Alumina CC bearings have a long history of use [7]. Initial attempts of ceramic-on-ceramic THA had high failure rates that were mainly related to bad design and flaws in the material [8, 9]. Further advancements in alumina manufacturing technology such as hot isostatic pressing led to the fabrication of a highly purified alumina (BIOLOX forte; CeramTec AG, Plochingen, Germany) with increased material density, decreased grain structure, and less impurities [10, 11]. All these material improvements yielded a noticeable decrease in the rate of implant components fracture and chipping [12, 13]. Despite the advancements made in the quality of alumina ceramic, substantial concerns remain regarding CC bearings including stripe wear, limited sizing option, squeaking, and ceramic implant fracture. Limitations of pure alumina characteristics required the development of an advanced ceramic material.

Ceramic composites were the next step in the development of CC bearings. The newest generation of BIOLOX delta ceramic bearings was introduced in 2000 by CeramTec AG (Plochingen, Germany). BIOLOX delta is an alumina-matrix composite (AMC) consisting of 81.6% aluminium oxide, 17% yttria-stabilized tetragonal zirconia particles, and traces (1.4%) of chromium dioxide and strontium crystals engineered to increase material density and reduce grain size (less than 0.8 μm compared with the grain size of alumina 1–5 μm) [1416]. With these improvements, the risk for crack propagation and component fracture was minimized. Laboratory mechanical and hip simulator wear tests have shown that these manufacturing advances have indeed resulted in a high-strength material with increased fracture toughness and lower wear rates over pure alumina [15, 17].

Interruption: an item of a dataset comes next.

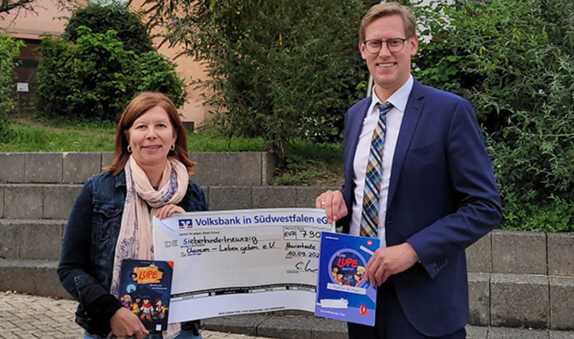 An der Grundschule Marienheide startet ein neues Vorhaben. Einen Spendenscheck über 790 Euro nahm dafür Barbara Kutschaty vom Verein "Chancen - Leben geben" vom Vorstandsvorsitzenden der Marienheider Bürgerstiftung, Sebastian Heimes, entgegen. In Kürze startet an der Schule das Leseförderprojekt „Team Lupe“, in Zusammenarbeit mit der Nachhilfeschule „Übungsmeister“. „Wir sind sehr dankbar für diese Unterstützung, denn dadurch ist die Verwirklichung erst möglich“, sagte Kutschaty.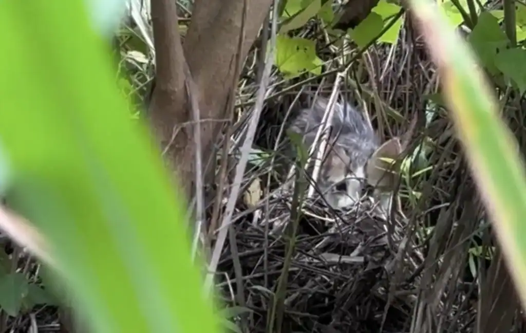 Then, in the distance, someone saw a blur of movement. The kitten darted over the slick vines, desperate but exhausted.

These enhanced mechanical properties should decrease the ceramic fracture rate, allowing the manufacturing of thinner acetabular liner inserts and therefore the use of larger femoral head options. This increased head size should improve joint stability and reduce dislocation rates [18, 19]. One study also suggests that material properties of the AMC may lead to a different wear response and may decrease or eliminate squeaking [17]. These favorable material characteristics make AMC a very promising material and particularly desirable for long lasting bearing surfaces. However, AMC has a relatively short clinical history and further monitoring is necessary.

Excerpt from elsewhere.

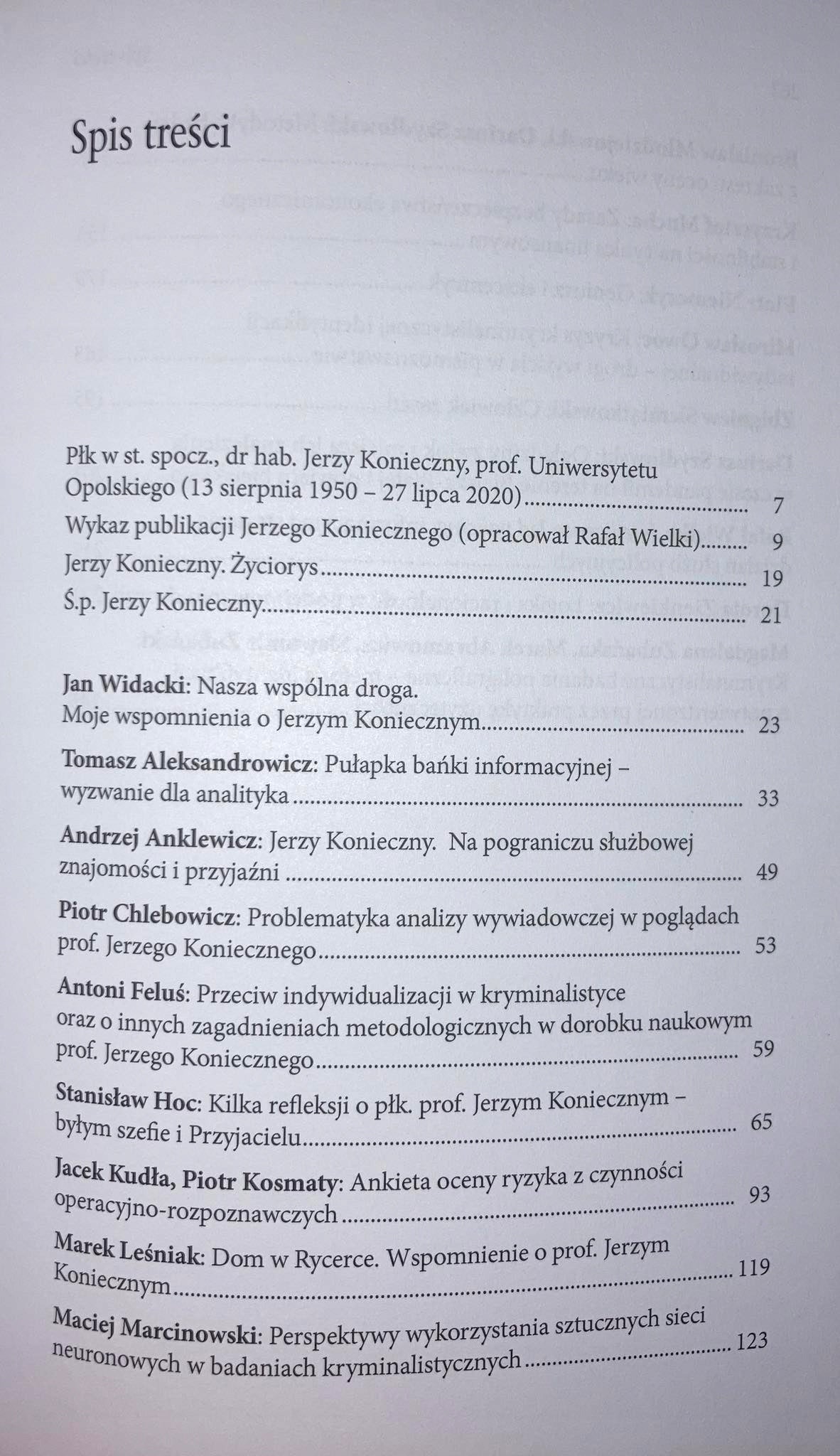 Płk w st. spocz., dr hab. Jerzy Konieczny, prof. Uniwersytetu Opolskiego (13 sierpnia 1950 – 27 lipca 2020) Po ukończeniu chemii na Wydziale Matematyki, Fizyki i Chemii Uniwersytetu Śląskiego w Katowicach i uzyskaniu tytułu magistra (w zakresie chemii) zatrudnił się w Zakładzie Kryminalistyki na Wydziale Prawa i Administracji tegoż Uniwersytetu, na etacie technicznym. W 1979 roku, po uzyskaniu stopnia doktora na Uniwersytecie Wrocławskim (Ekspertyza dokumentów sporządzonych pismem ręcznym na papierach syntetycznych – promotor: doc. dr hab. Zdzisław Kegel), przeszedł na etat adiunkta. W 1990 roku, na podstawie pracy Pojęcie prawdopodobieństwa ze stanowiska procesu karnego i kryminalistyki, uzyskał stopień doktora habilitowanego nauk prawnych na Uniwersytecie Śląskim. W międzyczasie, po odbytych studiach zaocznych na Uniwersytecie Jagiellońskim, uzyskał tytuł magistra prawa. Obok pracy na Uniwersytecie Śląskim, w latach 1988–1989 był kierownikiem Zakładu Kryminalistyki Instytutu Ekspertyz Sądowych w Krakowie. Był jednym ze współzałożycieli Klubu Inteligencji Katolickiej w Katowicach, członkiem „Solidarności”. W sierpniu 1990 roku został szefem delegatury Urzędu Ochrony Państwa w Katowicach, a w 1991 roku zastępcą szefa urzędu. Przez okres, kiedy MSW kierował Antoni Macierewicz, odszedł z urzędu i został podsekretarzem stanu w Kancelarii Prezydenta RP Lecha Wałęsy. W czerwcu 1992 roku został szefem UOP. Z funkcji tej zrezygnował w grudniu 1993 roku. Założył wtedy firmę ochroniarsko-detektywistyczną Konsalnet. W 1995 roku objął na krótko tekę Ministra Spraw Wewnętrznych w gabinecie Józefa Oleksego. W 1997 roku bezskutecznie kandydował do Sejmu. Od tego momentu wycofał się z działalności politycznej, poświęcając swój czas pracy naukowej i biznesowi (wykaz Jego publikacji naukowych znajduje się na stronach 9–17). W tym czasie był również nauczycielem akademickim (profesorem uczelnianym) w Uczelni Łazarskiego w Warszawie, Krakowskiej Akademii im. Andrzeja Frycza Modrzewskiego, a później w Uniwersytecie Opolskim. Zmarł nagle 27 lipca 2020 roku. Jan Widacki

The aim of this study was to retrospectively evaluate the short- to midterm clinical and radiographic outcome after primary total hip replacements using the fourth generation ceramic BIOLOX delta implants.

2. Material and Methods

Prior to the onset of the study, institutional review board approval was obtained. We conducted a retrospective evaluation of all patients who received a cementless CC BIOLOX delta THA between December 2004 and December 2009. Our exclusion criteria were a previous total hip replacement, previous hemiarthroplasty, or fusion on the ipsilateral side. In all, we evaluated 60 hips in 50 patients. Among these patients, 10 underwent staged bilateral THAs. There were 10 males (11 hips) and 40 females (49 hips) (Table 1). The mean age at the time of the surgery was 41.8 years (range 21–56 years). All patients underwent primary hip arthroplasty for both noninflammatory and inflammatory degenerative joint diseases. Preoperative diagnoses were osteoarthritis (40%), developmental dysplasia of the hip (22%), rheumatoid arthritis (13%), avascular necrosis (7%), juvenile rheumatoid arthritis (5%), and other causes (11%). Three arthroplasty surgeons performed all procedures through a direct lateral (77%) or posterior approach (23%). Bilateral cases were conducted on separate dates with a mean interval of 10.3 months (3–42 months) between the two procedures.


Number of hips60
Number of patients50
Age (range)*41.8 (21–56)
Gender 10 males/40 females
Side of surgery31 right/29 left
 Osteoarthritis24 (40%)
 Congenital dislocation 13 (22%)
 Rheumatoid arthritis8 (13%)
 Avascular necrosis4 (7%)
 Juvenile rheumatoid arthritis3 (5%)
 Developmental dysplasia1 (2%)
 Multiple causes7 (11%)
Femoral head
 BIOLOX delta 28 mm25 hips (42%)
 BIOLOX delta 36 mm35 hips (58%)
Femoral stem
 S-ROM41 (69%)
 Prodigy11 (18%)
 Summit3 (5%)
 Corail3 (5%)
 Trilock2 (3%)
Acetabular cup
 Pinnacle 10037 (62%)
 Pinnacle 30019 (31%)
 Pinnacle Bantam3 (5%)
 Pinnacle Multihole II1 (2%)

This value is reported as the mean in years.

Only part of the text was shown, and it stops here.